Work instruction - Using the data that follows, output only the lines from the line with "Duffle bag in" up to and including the line with "C02 - THIS COLOURED", exactly, leaving pictures aside.

Records provided -

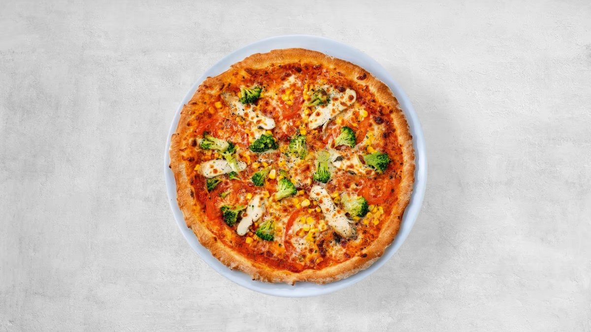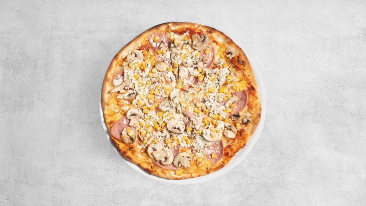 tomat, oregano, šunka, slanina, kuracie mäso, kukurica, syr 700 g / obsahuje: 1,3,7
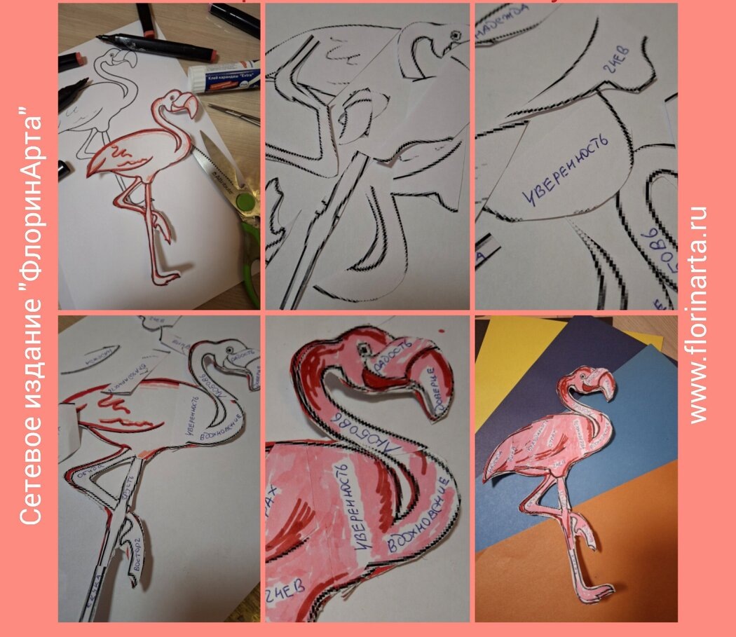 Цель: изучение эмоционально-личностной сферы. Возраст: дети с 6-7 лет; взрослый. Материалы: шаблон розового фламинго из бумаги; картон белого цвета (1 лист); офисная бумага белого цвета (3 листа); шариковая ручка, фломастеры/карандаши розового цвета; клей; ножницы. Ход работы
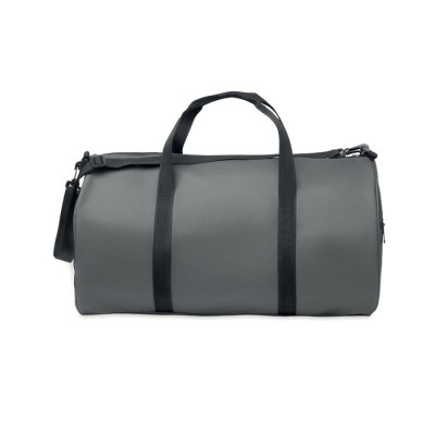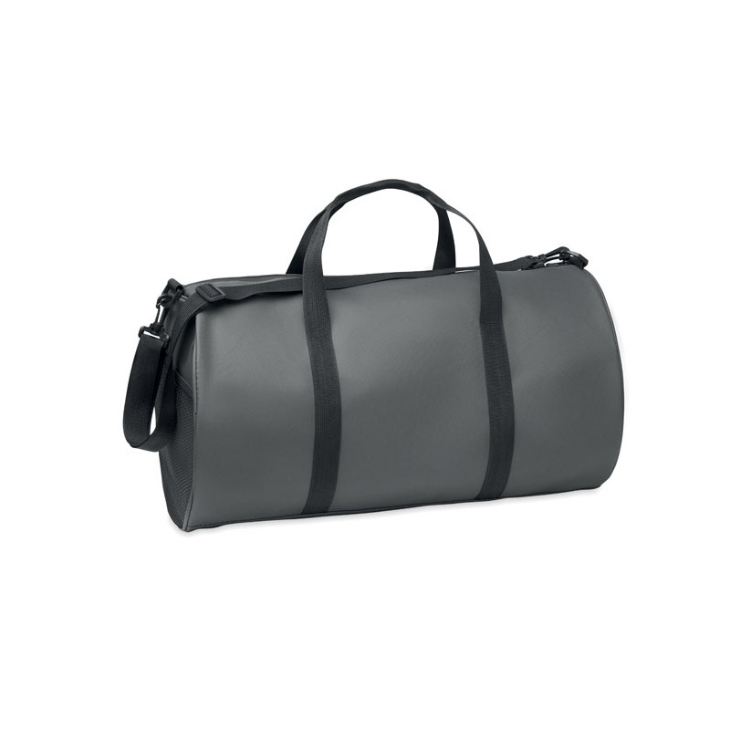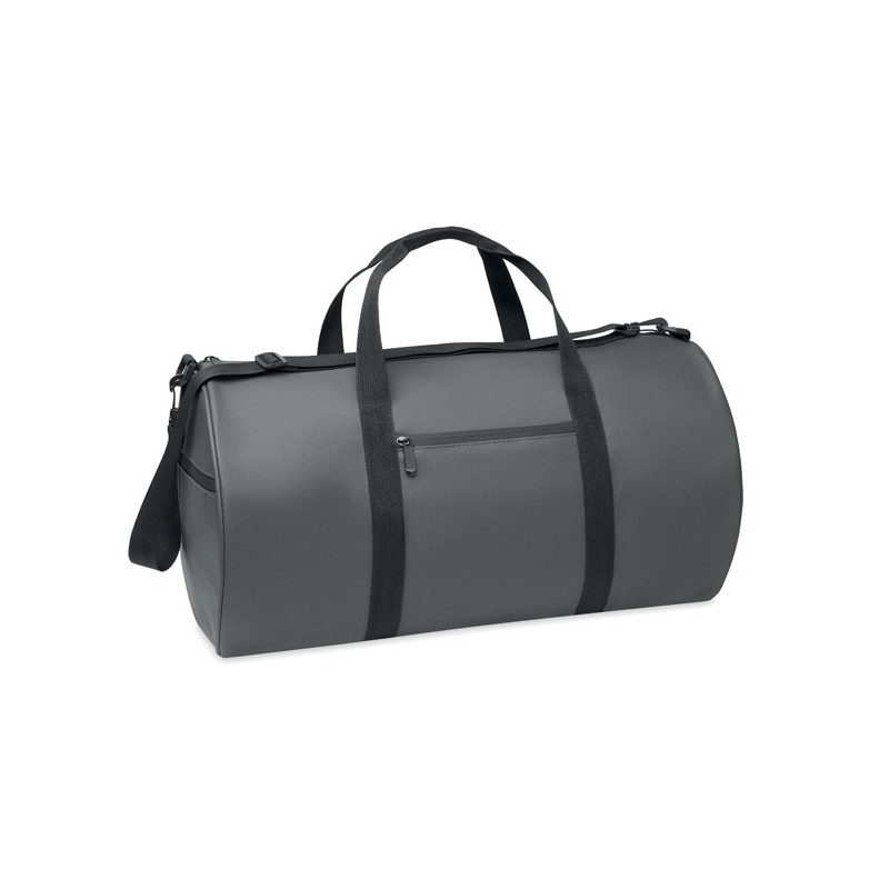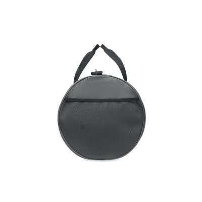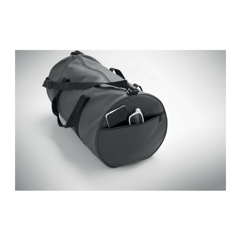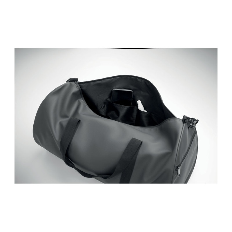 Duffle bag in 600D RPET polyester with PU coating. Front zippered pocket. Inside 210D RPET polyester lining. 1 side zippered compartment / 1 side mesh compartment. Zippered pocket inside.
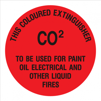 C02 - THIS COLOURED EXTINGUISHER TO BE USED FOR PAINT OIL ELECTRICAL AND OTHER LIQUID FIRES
==
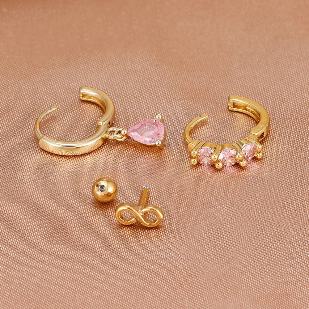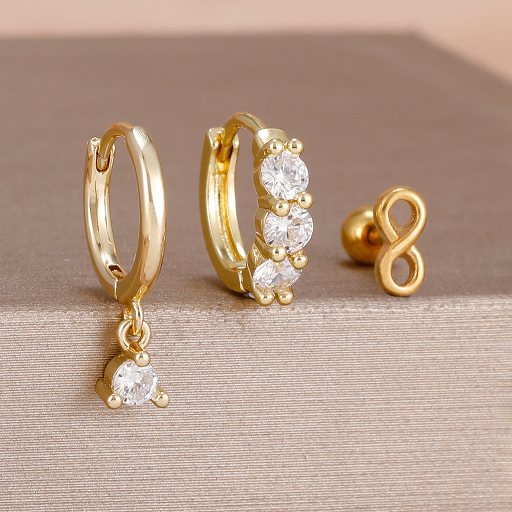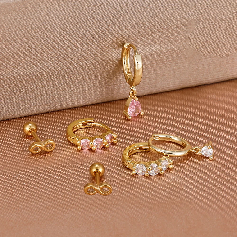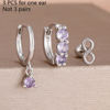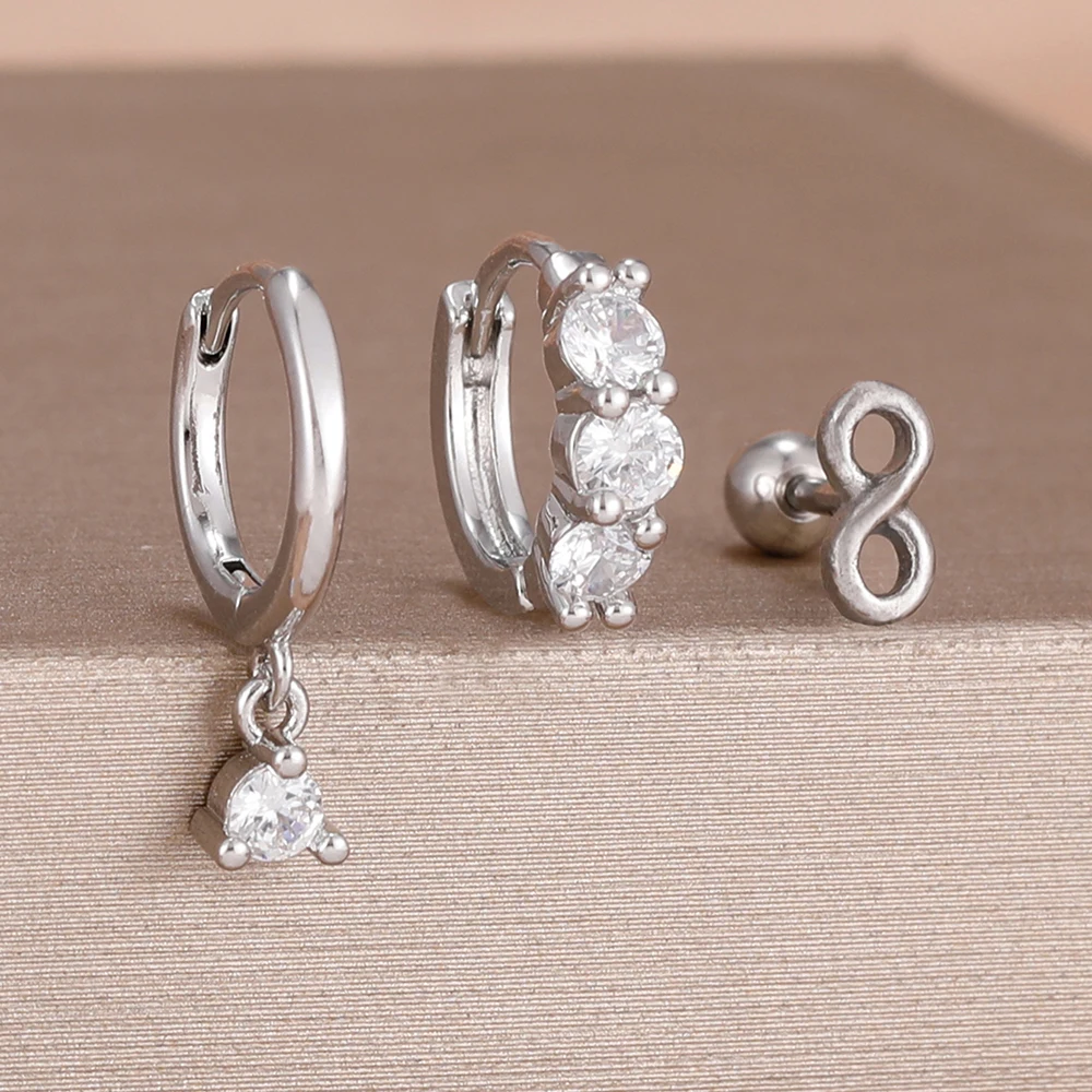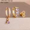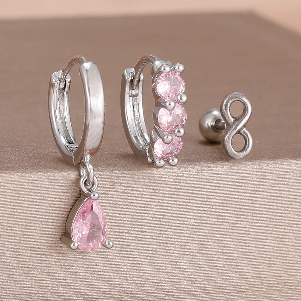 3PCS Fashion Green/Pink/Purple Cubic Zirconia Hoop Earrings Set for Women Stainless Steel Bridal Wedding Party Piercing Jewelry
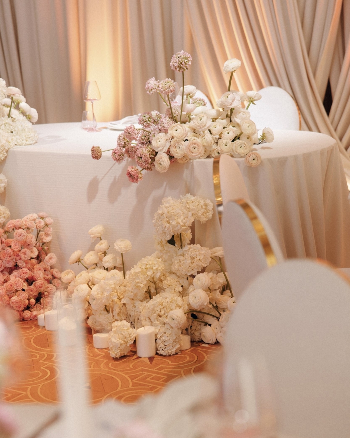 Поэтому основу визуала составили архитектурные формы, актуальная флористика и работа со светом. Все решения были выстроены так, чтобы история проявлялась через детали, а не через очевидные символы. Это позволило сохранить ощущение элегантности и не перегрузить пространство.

Solved exercise -
 Duffle bag in 600D RPET polyester with PU coating. Front zippered pocket. Inside 210D RPET polyester lining. 1 side zippered compartment / 1 side mesh compartment. Zippered pocket inside.
 C02 - THIS COLOURED EXTINGUISHER TO BE USED FOR PAINT OIL ELECTRICAL AND OTHER LIQUID FIRES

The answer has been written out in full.